Given data ▸

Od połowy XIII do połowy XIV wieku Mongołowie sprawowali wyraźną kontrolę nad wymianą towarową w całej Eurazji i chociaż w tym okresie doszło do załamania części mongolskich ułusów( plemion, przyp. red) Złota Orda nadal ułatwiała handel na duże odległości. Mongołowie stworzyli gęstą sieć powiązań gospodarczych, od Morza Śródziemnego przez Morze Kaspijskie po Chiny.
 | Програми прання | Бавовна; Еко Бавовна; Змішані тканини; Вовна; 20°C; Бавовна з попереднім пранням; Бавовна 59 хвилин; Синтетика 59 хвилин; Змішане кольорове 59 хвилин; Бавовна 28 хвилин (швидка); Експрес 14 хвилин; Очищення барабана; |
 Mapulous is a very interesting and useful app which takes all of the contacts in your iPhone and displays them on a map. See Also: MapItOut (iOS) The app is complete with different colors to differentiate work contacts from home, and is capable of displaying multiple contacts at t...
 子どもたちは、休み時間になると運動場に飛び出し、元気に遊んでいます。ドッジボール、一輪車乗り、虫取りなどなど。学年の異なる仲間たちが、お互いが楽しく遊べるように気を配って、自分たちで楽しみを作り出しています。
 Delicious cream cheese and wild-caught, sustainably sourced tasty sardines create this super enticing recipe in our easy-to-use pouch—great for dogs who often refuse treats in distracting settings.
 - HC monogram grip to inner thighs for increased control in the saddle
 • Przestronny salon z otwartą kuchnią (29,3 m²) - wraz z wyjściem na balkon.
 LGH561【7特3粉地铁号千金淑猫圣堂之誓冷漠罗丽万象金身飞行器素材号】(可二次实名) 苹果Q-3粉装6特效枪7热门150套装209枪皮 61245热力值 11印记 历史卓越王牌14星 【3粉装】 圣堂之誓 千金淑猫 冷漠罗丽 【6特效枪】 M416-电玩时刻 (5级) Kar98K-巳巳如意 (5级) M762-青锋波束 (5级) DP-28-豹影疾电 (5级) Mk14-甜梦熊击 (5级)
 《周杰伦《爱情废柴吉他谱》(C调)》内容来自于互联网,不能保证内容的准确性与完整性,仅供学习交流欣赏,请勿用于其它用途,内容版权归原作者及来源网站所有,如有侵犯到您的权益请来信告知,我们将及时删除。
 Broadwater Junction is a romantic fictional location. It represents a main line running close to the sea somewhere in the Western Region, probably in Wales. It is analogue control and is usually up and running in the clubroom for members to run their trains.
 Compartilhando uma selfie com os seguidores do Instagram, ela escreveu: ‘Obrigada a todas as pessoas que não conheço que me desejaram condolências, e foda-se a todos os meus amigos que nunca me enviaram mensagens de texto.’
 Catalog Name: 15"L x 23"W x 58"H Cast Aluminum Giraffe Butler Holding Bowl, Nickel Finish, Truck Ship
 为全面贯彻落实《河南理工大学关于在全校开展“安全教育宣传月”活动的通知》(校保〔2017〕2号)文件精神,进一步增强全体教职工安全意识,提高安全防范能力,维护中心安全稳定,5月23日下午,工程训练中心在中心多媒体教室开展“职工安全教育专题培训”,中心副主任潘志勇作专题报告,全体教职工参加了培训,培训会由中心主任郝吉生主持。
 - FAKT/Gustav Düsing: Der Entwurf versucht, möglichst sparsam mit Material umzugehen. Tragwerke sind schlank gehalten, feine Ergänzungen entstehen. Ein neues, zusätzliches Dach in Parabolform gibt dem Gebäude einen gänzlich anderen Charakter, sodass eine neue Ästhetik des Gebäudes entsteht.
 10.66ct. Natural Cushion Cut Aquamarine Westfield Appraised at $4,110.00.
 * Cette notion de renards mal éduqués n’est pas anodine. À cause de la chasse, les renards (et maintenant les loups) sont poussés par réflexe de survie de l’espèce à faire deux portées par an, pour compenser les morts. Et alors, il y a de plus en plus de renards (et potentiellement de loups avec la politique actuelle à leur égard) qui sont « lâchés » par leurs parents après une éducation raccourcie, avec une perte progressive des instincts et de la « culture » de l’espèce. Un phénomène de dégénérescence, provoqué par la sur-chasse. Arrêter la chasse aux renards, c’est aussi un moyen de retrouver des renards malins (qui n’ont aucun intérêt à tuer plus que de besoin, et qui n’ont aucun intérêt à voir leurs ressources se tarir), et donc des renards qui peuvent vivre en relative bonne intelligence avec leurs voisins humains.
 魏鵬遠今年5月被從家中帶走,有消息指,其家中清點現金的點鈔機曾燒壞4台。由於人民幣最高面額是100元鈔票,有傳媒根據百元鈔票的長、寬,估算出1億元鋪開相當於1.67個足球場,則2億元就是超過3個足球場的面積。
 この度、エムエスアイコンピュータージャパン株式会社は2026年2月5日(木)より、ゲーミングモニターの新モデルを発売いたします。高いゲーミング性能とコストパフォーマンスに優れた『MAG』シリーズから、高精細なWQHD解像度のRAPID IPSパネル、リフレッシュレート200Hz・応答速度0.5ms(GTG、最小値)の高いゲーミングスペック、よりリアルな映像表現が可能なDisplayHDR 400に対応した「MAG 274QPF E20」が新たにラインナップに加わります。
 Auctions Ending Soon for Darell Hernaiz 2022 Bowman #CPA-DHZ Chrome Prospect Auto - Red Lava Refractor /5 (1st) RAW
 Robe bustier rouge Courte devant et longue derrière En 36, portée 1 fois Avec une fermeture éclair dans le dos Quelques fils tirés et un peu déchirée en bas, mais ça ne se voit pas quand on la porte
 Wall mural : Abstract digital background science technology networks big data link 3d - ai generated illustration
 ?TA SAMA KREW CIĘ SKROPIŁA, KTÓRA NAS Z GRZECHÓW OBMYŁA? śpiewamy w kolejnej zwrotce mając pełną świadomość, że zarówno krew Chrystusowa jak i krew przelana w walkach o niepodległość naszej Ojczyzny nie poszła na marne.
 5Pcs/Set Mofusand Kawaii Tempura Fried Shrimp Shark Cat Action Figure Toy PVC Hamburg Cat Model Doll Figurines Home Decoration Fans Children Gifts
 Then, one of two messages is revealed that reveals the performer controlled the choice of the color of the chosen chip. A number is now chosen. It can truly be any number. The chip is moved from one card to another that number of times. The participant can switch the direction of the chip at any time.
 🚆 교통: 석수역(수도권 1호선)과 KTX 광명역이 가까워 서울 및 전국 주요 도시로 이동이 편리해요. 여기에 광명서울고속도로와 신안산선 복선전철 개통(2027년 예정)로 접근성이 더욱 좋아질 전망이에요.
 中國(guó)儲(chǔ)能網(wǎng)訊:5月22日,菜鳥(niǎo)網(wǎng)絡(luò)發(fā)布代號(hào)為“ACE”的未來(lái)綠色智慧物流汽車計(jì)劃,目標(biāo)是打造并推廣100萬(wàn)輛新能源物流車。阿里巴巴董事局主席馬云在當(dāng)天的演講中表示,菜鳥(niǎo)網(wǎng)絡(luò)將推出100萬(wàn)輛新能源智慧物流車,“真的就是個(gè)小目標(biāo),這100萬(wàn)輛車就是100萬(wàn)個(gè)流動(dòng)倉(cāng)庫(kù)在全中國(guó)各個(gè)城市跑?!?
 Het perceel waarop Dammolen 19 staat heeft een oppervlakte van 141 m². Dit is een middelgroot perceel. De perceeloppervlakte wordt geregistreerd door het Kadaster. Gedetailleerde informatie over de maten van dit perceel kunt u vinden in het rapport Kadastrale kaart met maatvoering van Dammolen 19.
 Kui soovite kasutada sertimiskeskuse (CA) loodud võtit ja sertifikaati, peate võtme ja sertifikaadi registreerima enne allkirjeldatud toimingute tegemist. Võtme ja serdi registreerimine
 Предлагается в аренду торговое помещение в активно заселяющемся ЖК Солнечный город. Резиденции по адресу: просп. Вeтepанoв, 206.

Instructions to follow ▸ Return each line above exactly.

Solution to the problem ▸
Od połowy XIII do połowy XIV wieku Mongołowie sprawowali wyraźną kontrolę nad wymianą towarową w całej Eurazji i chociaż w tym okresie doszło do załamania części mongolskich ułusów( plemion, przyp. red) Złota Orda nadal ułatwiała handel na duże odległości. Mongołowie stworzyli gęstą sieć powiązań gospodarczych, od Morza Śródziemnego przez Morze Kaspijskie po Chiny.
 | Програми прання | Бавовна; Еко Бавовна; Змішані тканини; Вовна; 20°C; Бавовна з попереднім пранням; Бавовна 59 хвилин; Синтетика 59 хвилин; Змішане кольорове 59 хвилин; Бавовна 28 хвилин (швидка); Експрес 14 хвилин; Очищення барабана; |
 Mapulous is a very interesting and useful app which takes all of the contacts in your iPhone and displays them on a map. See Also: MapItOut (iOS) The app is complete with different colors to differentiate work contacts from home, and is capable of displaying multiple contacts at t...
 子どもたちは、休み時間になると運動場に飛び出し、元気に遊んでいます。ドッジボール、一輪車乗り、虫取りなどなど。学年の異なる仲間たちが、お互いが楽しく遊べるように気を配って、自分たちで楽しみを作り出しています。
 Delicious cream cheese and wild-caught, sustainably sourced tasty sardines create this super enticing recipe in our easy-to-use pouch—great for dogs who often refuse treats in distracting settings.
 - HC monogram grip to inner thighs for increased control in the saddle
 • Przestronny salon z otwartą kuchnią (29,3 m²) - wraz z wyjściem na balkon.
 LGH561【7特3粉地铁号千金淑猫圣堂之誓冷漠罗丽万象金身飞行器素材号】(可二次实名) 苹果Q-3粉装6特效枪7热门150套装209枪皮 61245热力值 11印记 历史卓越王牌14星 【3粉装】 圣堂之誓 千金淑猫 冷漠罗丽 【6特效枪】 M416-电玩时刻 (5级) Kar98K-巳巳如意 (5级) M762-青锋波束 (5级) DP-28-豹影疾电 (5级) Mk14-甜梦熊击 (5级)
 《周杰伦《爱情废柴吉他谱》(C调)》内容来自于互联网,不能保证内容的准确性与完整性,仅供学习交流欣赏,请勿用于其它用途,内容版权归原作者及来源网站所有,如有侵犯到您的权益请来信告知,我们将及时删除。
 Broadwater Junction is a romantic fictional location. It represents a main line running close to the sea somewhere in the Western Region, probably in Wales. It is analogue control and is usually up and running in the clubroom for members to run their trains.
 Compartilhando uma selfie com os seguidores do Instagram, ela escreveu: ‘Obrigada a todas as pessoas que não conheço que me desejaram condolências, e foda-se a todos os meus amigos que nunca me enviaram mensagens de texto.’
 Catalog Name: 15"L x 23"W x 58"H Cast Aluminum Giraffe Butler Holding Bowl, Nickel Finish, Truck Ship
 为全面贯彻落实《河南理工大学关于在全校开展“安全教育宣传月”活动的通知》(校保〔2017〕2号)文件精神,进一步增强全体教职工安全意识,提高安全防范能力,维护中心安全稳定,5月23日下午,工程训练中心在中心多媒体教室开展“职工安全教育专题培训”,中心副主任潘志勇作专题报告,全体教职工参加了培训,培训会由中心主任郝吉生主持。
 - FAKT/Gustav Düsing: Der Entwurf versucht, möglichst sparsam mit Material umzugehen. Tragwerke sind schlank gehalten, feine Ergänzungen entstehen. Ein neues, zusätzliches Dach in Parabolform gibt dem Gebäude einen gänzlich anderen Charakter, sodass eine neue Ästhetik des Gebäudes entsteht.
 10.66ct. Natural Cushion Cut Aquamarine Westfield Appraised at $4,110.00.
 * Cette notion de renards mal éduqués n’est pas anodine. À cause de la chasse, les renards (et maintenant les loups) sont poussés par réflexe de survie de l’espèce à faire deux portées par an, pour compenser les morts. Et alors, il y a de plus en plus de renards (et potentiellement de loups avec la politique actuelle à leur égard) qui sont « lâchés » par leurs parents après une éducation raccourcie, avec une perte progressive des instincts et de la « culture » de l’espèce. Un phénomène de dégénérescence, provoqué par la sur-chasse. Arrêter la chasse aux renards, c’est aussi un moyen de retrouver des renards malins (qui n’ont aucun intérêt à tuer plus que de besoin, et qui n’ont aucun intérêt à voir leurs ressources se tarir), et donc des renards qui peuvent vivre en relative bonne intelligence avec leurs voisins humains.
 魏鵬遠今年5月被從家中帶走,有消息指,其家中清點現金的點鈔機曾燒壞4台。由於人民幣最高面額是100元鈔票,有傳媒根據百元鈔票的長、寬,估算出1億元鋪開相當於1.67個足球場,則2億元就是超過3個足球場的面積。
 この度、エムエスアイコンピュータージャパン株式会社は2026年2月5日(木)より、ゲーミングモニターの新モデルを発売いたします。高いゲーミング性能とコストパフォーマンスに優れた『MAG』シリーズから、高精細なWQHD解像度のRAPID IPSパネル、リフレッシュレート200Hz・応答速度0.5ms(GTG、最小値)の高いゲーミングスペック、よりリアルな映像表現が可能なDisplayHDR 400に対応した「MAG 274QPF E20」が新たにラインナップに加わります。
 Auctions Ending Soon for Darell Hernaiz 2022 Bowman #CPA-DHZ Chrome Prospect Auto - Red Lava Refractor /5 (1st) RAW
 Robe bustier rouge Courte devant et longue derrière En 36, portée 1 fois Avec une fermeture éclair dans le dos Quelques fils tirés et un peu déchirée en bas, mais ça ne se voit pas quand on la porte
 Wall mural : Abstract digital background science technology networks big data link 3d - ai generated illustration
 ?TA SAMA KREW CIĘ SKROPIŁA, KTÓRA NAS Z GRZECHÓW OBMYŁA? śpiewamy w kolejnej zwrotce mając pełną świadomość, że zarówno krew Chrystusowa jak i krew przelana w walkach o niepodległość naszej Ojczyzny nie poszła na marne.
 5Pcs/Set Mofusand Kawaii Tempura Fried Shrimp Shark Cat Action Figure Toy PVC Hamburg Cat Model Doll Figurines Home Decoration Fans Children Gifts
 Then, one of two messages is revealed that reveals the performer controlled the choice of the color of the chosen chip. A number is now chosen. It can truly be any number. The chip is moved from one card to another that number of times. The participant can switch the direction of the chip at any time.
 🚆 교통: 석수역(수도권 1호선)과 KTX 광명역이 가까워 서울 및 전국 주요 도시로 이동이 편리해요. 여기에 광명서울고속도로와 신안산선 복선전철 개통(2027년 예정)로 접근성이 더욱 좋아질 전망이에요.
 中國(guó)儲(chǔ)能網(wǎng)訊:5月22日,菜鳥(niǎo)網(wǎng)絡(luò)發(fā)布代號(hào)為“ACE”的未來(lái)綠色智慧物流汽車計(jì)劃,目標(biāo)是打造并推廣100萬(wàn)輛新能源物流車。阿里巴巴董事局主席馬云在當(dāng)天的演講中表示,菜鳥(niǎo)網(wǎng)絡(luò)將推出100萬(wàn)輛新能源智慧物流車,“真的就是個(gè)小目標(biāo),這100萬(wàn)輛車就是100萬(wàn)個(gè)流動(dòng)倉(cāng)庫(kù)在全中國(guó)各個(gè)城市跑?!?
 Het perceel waarop Dammolen 19 staat heeft een oppervlakte van 141 m². Dit is een middelgroot perceel. De perceeloppervlakte wordt geregistreerd door het Kadaster. Gedetailleerde informatie over de maten van dit perceel kunt u vinden in het rapport Kadastrale kaart met maatvoering van Dammolen 19.
 Kui soovite kasutada sertimiskeskuse (CA) loodud võtit ja sertifikaati, peate võtme ja sertifikaadi registreerima enne allkirjeldatud toimingute tegemist. Võtme ja serdi registreerimine
 Предлагается в аренду торговое помещение в активно заселяющемся ЖК Солнечный город. Резиденции по адресу: просп. Вeтepанoв, 206.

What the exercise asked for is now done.